_Available data_
----
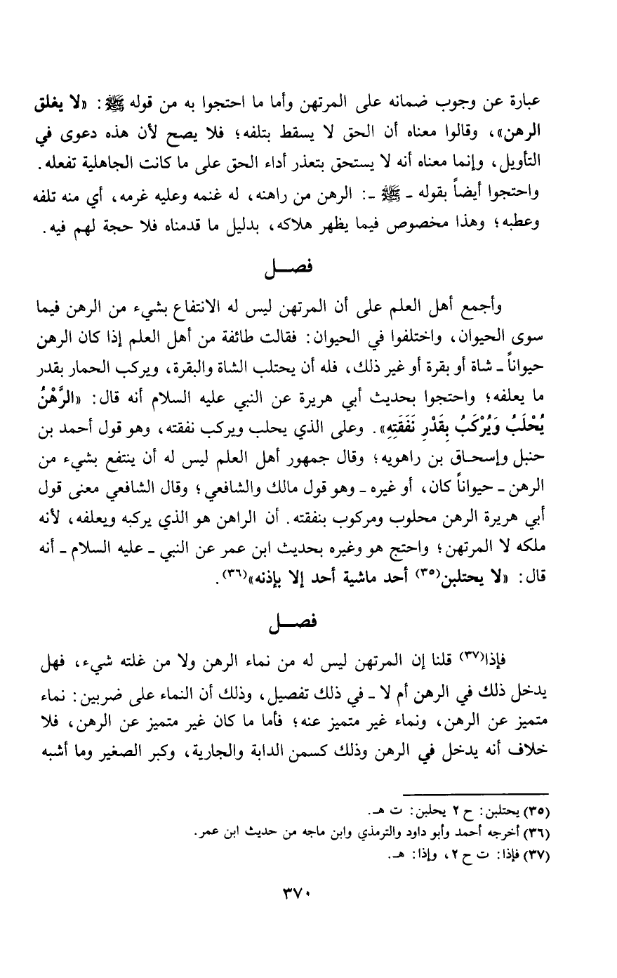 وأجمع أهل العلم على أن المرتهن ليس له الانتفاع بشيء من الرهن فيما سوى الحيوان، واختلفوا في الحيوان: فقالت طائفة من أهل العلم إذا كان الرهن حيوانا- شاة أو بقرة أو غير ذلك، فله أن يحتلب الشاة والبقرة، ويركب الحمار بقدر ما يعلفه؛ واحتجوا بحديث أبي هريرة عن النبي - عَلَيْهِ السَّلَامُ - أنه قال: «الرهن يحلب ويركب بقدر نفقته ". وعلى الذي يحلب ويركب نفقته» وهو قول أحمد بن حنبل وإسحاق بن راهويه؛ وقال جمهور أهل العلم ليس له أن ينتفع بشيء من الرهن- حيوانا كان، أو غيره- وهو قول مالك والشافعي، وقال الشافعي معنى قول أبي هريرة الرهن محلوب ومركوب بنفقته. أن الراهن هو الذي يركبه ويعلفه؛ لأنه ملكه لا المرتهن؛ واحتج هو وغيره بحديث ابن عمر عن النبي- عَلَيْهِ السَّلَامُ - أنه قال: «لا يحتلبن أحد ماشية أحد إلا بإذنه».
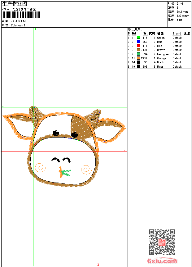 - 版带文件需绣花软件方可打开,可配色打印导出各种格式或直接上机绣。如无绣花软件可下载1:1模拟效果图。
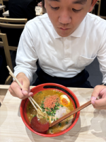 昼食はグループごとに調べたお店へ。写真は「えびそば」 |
----
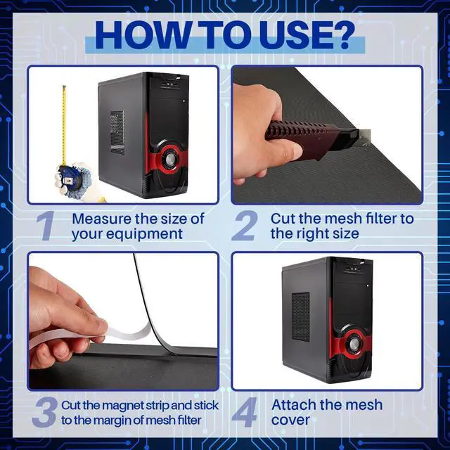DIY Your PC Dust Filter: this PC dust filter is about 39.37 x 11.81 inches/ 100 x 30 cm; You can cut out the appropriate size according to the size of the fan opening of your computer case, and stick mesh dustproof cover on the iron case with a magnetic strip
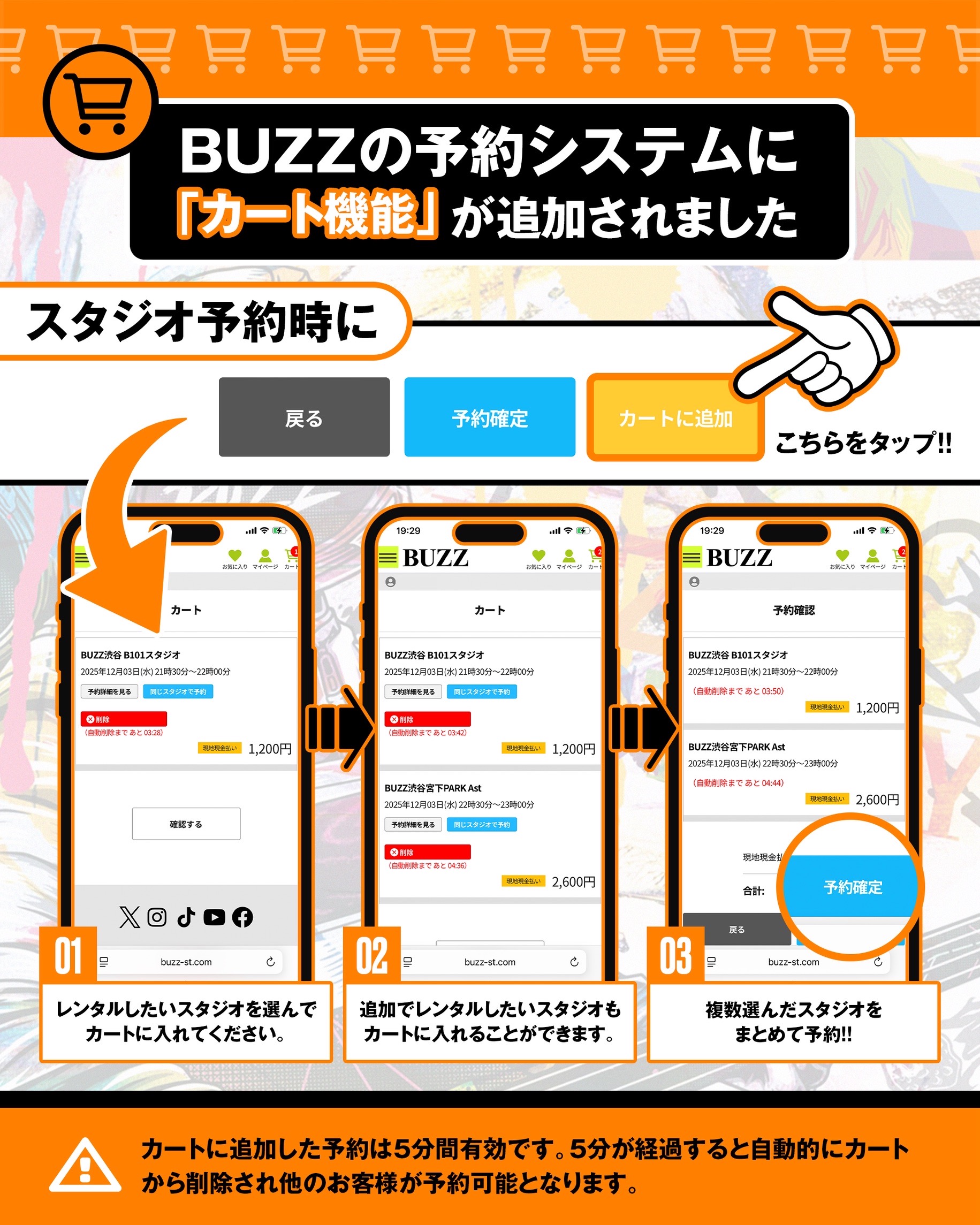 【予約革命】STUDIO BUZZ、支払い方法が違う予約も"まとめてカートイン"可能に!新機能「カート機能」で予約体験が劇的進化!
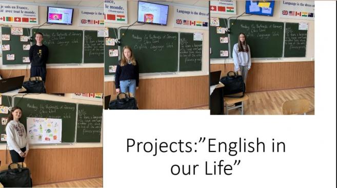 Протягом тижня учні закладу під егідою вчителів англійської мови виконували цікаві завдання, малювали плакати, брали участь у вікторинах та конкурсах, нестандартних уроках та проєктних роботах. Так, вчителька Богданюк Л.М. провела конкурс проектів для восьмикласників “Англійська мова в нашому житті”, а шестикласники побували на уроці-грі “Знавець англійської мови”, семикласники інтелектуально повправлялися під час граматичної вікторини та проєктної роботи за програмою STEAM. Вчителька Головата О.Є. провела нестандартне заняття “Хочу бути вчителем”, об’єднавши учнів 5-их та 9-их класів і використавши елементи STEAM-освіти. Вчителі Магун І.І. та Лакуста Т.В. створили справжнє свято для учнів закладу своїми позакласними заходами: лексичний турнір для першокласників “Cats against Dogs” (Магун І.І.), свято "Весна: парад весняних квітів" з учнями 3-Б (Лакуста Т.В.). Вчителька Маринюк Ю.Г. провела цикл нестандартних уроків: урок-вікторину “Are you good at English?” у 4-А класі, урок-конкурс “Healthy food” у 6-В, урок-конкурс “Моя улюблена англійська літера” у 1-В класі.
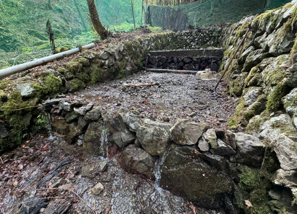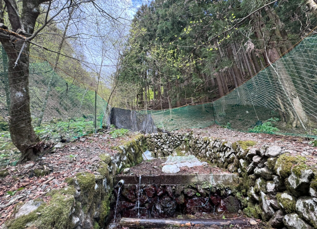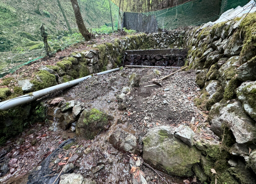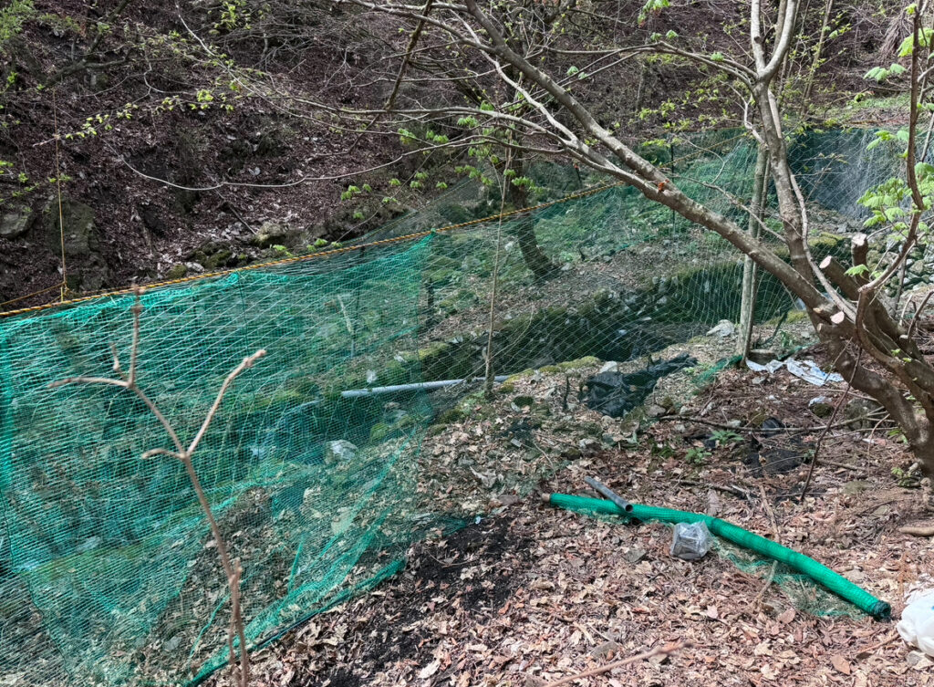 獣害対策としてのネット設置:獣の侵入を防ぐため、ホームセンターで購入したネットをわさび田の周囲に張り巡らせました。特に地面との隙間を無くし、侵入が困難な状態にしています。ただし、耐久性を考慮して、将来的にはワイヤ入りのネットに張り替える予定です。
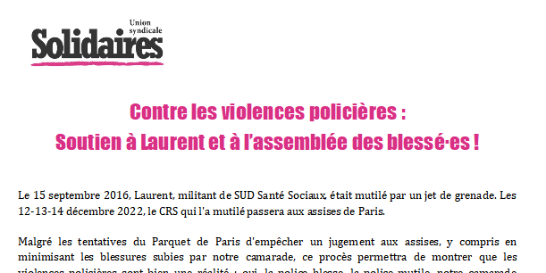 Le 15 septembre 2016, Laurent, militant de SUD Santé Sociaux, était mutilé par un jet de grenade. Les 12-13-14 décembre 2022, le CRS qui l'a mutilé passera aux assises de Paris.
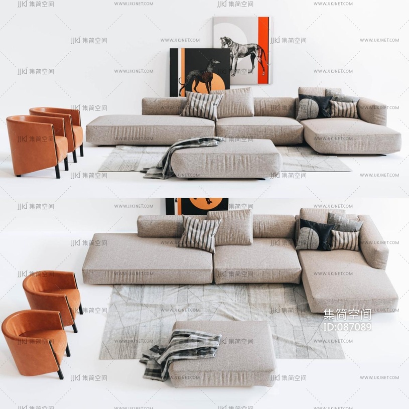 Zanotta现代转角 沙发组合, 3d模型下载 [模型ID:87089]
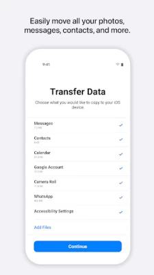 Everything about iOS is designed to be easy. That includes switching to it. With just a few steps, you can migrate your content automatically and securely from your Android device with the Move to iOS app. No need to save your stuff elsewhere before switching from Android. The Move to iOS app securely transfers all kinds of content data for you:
----
_Instructions for the task_
Please set down, exactly and with no pictures, the lines in the entries above starting at the one holding "獣害対策としてのネット設置:獣の侵入を防" and ending at the one holding "Everything about iOS", ends included.

_Exercise answer_
 獣害対策としてのネット設置:獣の侵入を防ぐため、ホームセンターで購入したネットをわさび田の周囲に張り巡らせました。特に地面との隙間を無くし、侵入が困難な状態にしています。ただし、耐久性を考慮して、将来的にはワイヤ入りのネットに張り替える予定です。
 Le 15 septembre 2016, Laurent, militant de SUD Santé Sociaux, était mutilé par un jet de grenade. Les 12-13-14 décembre 2022, le CRS qui l'a mutilé passera aux assises de Paris.
 Zanotta现代转角 沙发组合, 3d模型下载 [模型ID:87089]
 Everything about iOS is designed to be easy. That includes switching to it. With just a few steps, you can migrate your content automatically and securely from your Android device with the Move to iOS app. No need to save your stuff elsewhere before switching from Android. The Move to iOS app securely transfers all kinds of content data for you:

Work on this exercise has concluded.